To Unravel the Future Climate: Investigating the Intricate Relationship Between Trees and Cloud Formation by Scientists

In the quest to unravel the intricacies of our planet's climate, scientists are delving into the unexpected partnership between trees and clouds. Recent research, spearheaded by atmospheric researcher Lubna Dada at the Paul Scherrer Institute as part of the international CLOUD project, sheds light on the role of trees and the natural compounds they release in the complex dance of cloud formation.

Published in the journal Science Advances, the study aims to provide a more nuanced understanding of the climate's historical state, particularly pre-Industrial Revolution, and how it has evolved since. Dada emphasizes that this wealth of data will significantly enhance climate models, enabling scientists to make more accurate predictions and better prepare for the future.

Beyond their aesthetic appeal, clouds play a pivotal role in shaping our climate. Some act as a shield, reflecting solar radiation and cooling the atmosphere, while others function as a thermal blanket, trapping heat. Recognizing these distinctions is vital for predicting climate changes in the decades to come. However, prevalent climate models often overlook the warming or cooling effects of clouds and the influence of aerosols in their formation, creating a significant uncertainty in climate science.

Dada clarifies that when plants emit gases forming aerosol particles—whether from natural sources like sea spray and dust or human pollution—they contribute to the creation of cloud seeds. Drawing an analogy to water condensation on a window during cooking, Dada explains how these aerosols act as surfaces, attracting more gases and fostering cloud growth.

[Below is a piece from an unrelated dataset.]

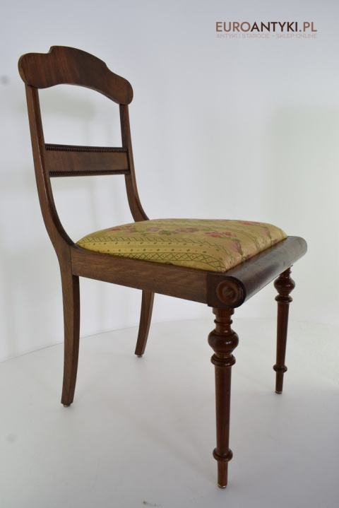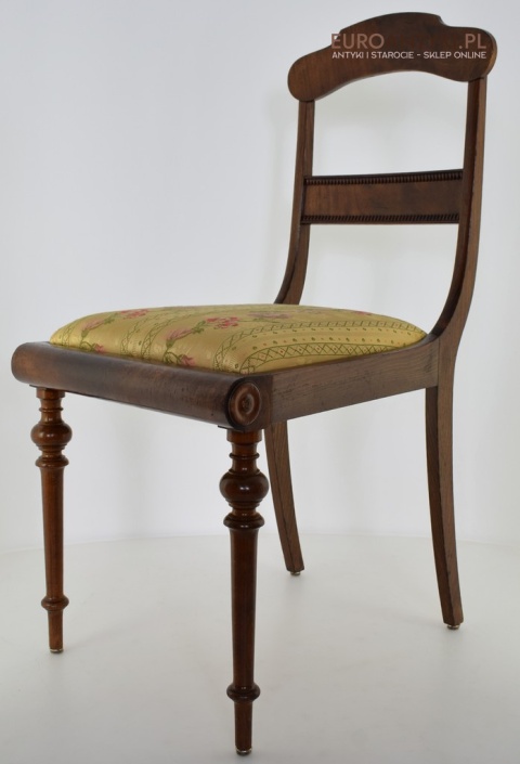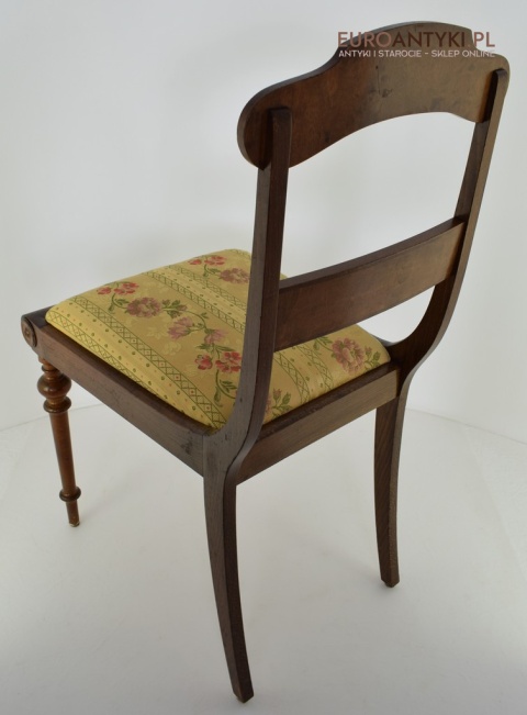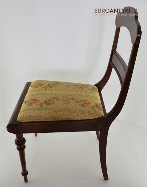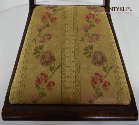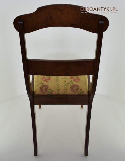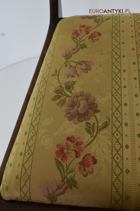 Klasyczny design: Proste, ale eleganckie linie, wyszukane formy oparć oraz delikatne zdobienia sprawiają, że krzesła te są idealnym wyborem zarówno do tradycyjnych, jak i nowoczesnych wnętrz. Siedzenia obite subtelną tapicerką z kwiatowymi motywami dodają meblom niepowtarzalnego charakteru.

To integrate clouds effectively into contemporary climate models and project future climate shifts, understanding the behavior of clouds before the Industrial Revolution becomes paramount. The scientific journey continues, unlocking the secrets of our atmosphere to fortify our understanding of climate dynamics and refine predictions for the future.

"We find ourselves in the enigma of uncertainty when it comes to understanding the extent of human influence on the backdrop of cloud conditions," remarks Dada. "Unraveling the mysteries of this 'background' is imperative to establish a baseline, allowing us to discern the contributions of anthropogenic emissions."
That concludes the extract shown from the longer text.